:: Input ::

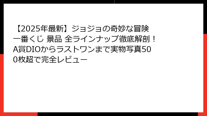 - 【2025年最新】ジョジョの奇妙な冒険 一番くじ 全ラインナップ徹底解説!景品一覧まとめ
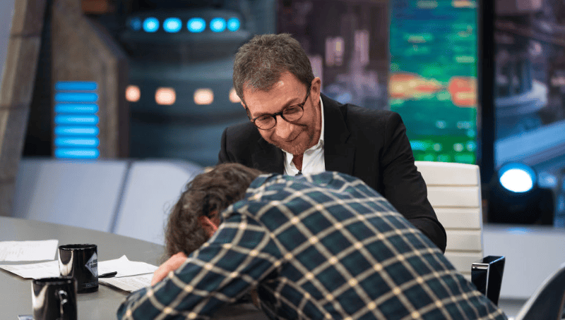 Mientras bromeaban, el invitado apoyó la cabeza sobre la mesa como si se hubiera quedado dormido. El conductor del programa, preguntó en voz alta: “¿Pero qué le pasa a este hombre?”. Pasados unos segundos, Évole se recompuso y continuó riéndose. “Ya está”, dijo ni bien levantó la cabeza.
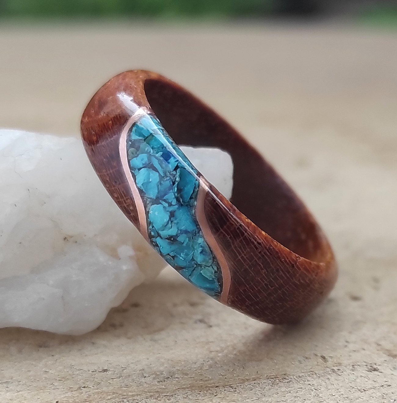 Ručně vyrobený krásný přírodní dámský prsten z exotického dřeva JATOBY, do kterého byly vsazeny kamínky CHRYZOKOLU.Do prstenu byly vloženy dva pláty měďi. Tento šperk představuje eleganci a styl, jenž vyzdvihne jedinečnost a originalitu svého nositele. Tento přírodní šperk je vhodný pro ženy a muže , kteří se chtějí odlišit a prezentovat svou náklonnost k přírodě. Vyroben s láskou ke dřevu.
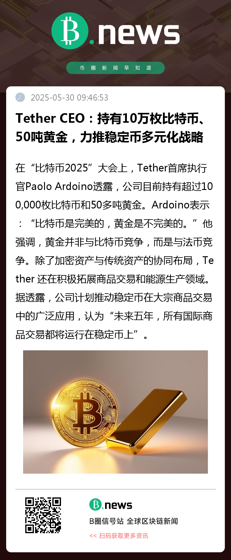 在“比特币2025”大会上,稳定币发行商 Tether 首席执行官 Paolo Ardoino 重磅披露,公司目前持有超过 100,000 枚比特币和逾 50 吨实物黄金。他强调:“比特币是完美的,黄金是不完美的。”并指出,黄金并非与比特币竞争,而是与法币竞争。
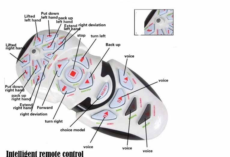 Include over 52 pre-programmed functions ,including pick-up,throw ,kick ,sweep ,strike, whistle,dance,belch, snore,act karate,and half a dozen different kung fu moves, just to mention a few.

:::

- About this task
Print the records above verbatim, pictures excluded.

- Expected answer
 - 【2025年最新】ジョジョの奇妙な冒険 一番くじ 全ラインナップ徹底解説!景品一覧まとめ
 Mientras bromeaban, el invitado apoyó la cabeza sobre la mesa como si se hubiera quedado dormido. El conductor del programa, preguntó en voz alta: “¿Pero qué le pasa a este hombre?”. Pasados unos segundos, Évole se recompuso y continuó riéndose. “Ya está”, dijo ni bien levantó la cabeza.
 Ručně vyrobený krásný přírodní dámský prsten z exotického dřeva JATOBY, do kterého byly vsazeny kamínky CHRYZOKOLU.Do prstenu byly vloženy dva pláty měďi. Tento šperk představuje eleganci a styl, jenž vyzdvihne jedinečnost a originalitu svého nositele. Tento přírodní šperk je vhodný pro ženy a muže , kteří se chtějí odlišit a prezentovat svou náklonnost k přírodě. Vyroben s láskou ke dřevu.
 在“比特币2025”大会上,稳定币发行商 Tether 首席执行官 Paolo Ardoino 重磅披露,公司目前持有超过 100,000 枚比特币和逾 50 吨实物黄金。他强调:“比特币是完美的,黄金是不完美的。”并指出,黄金并非与比特币竞争,而是与法币竞争。
 Include over 52 pre-programmed functions ,including pick-up,throw ,kick ,sweep ,strike, whistle,dance,belch, snore,act karate,and half a dozen different kung fu moves, just to mention a few.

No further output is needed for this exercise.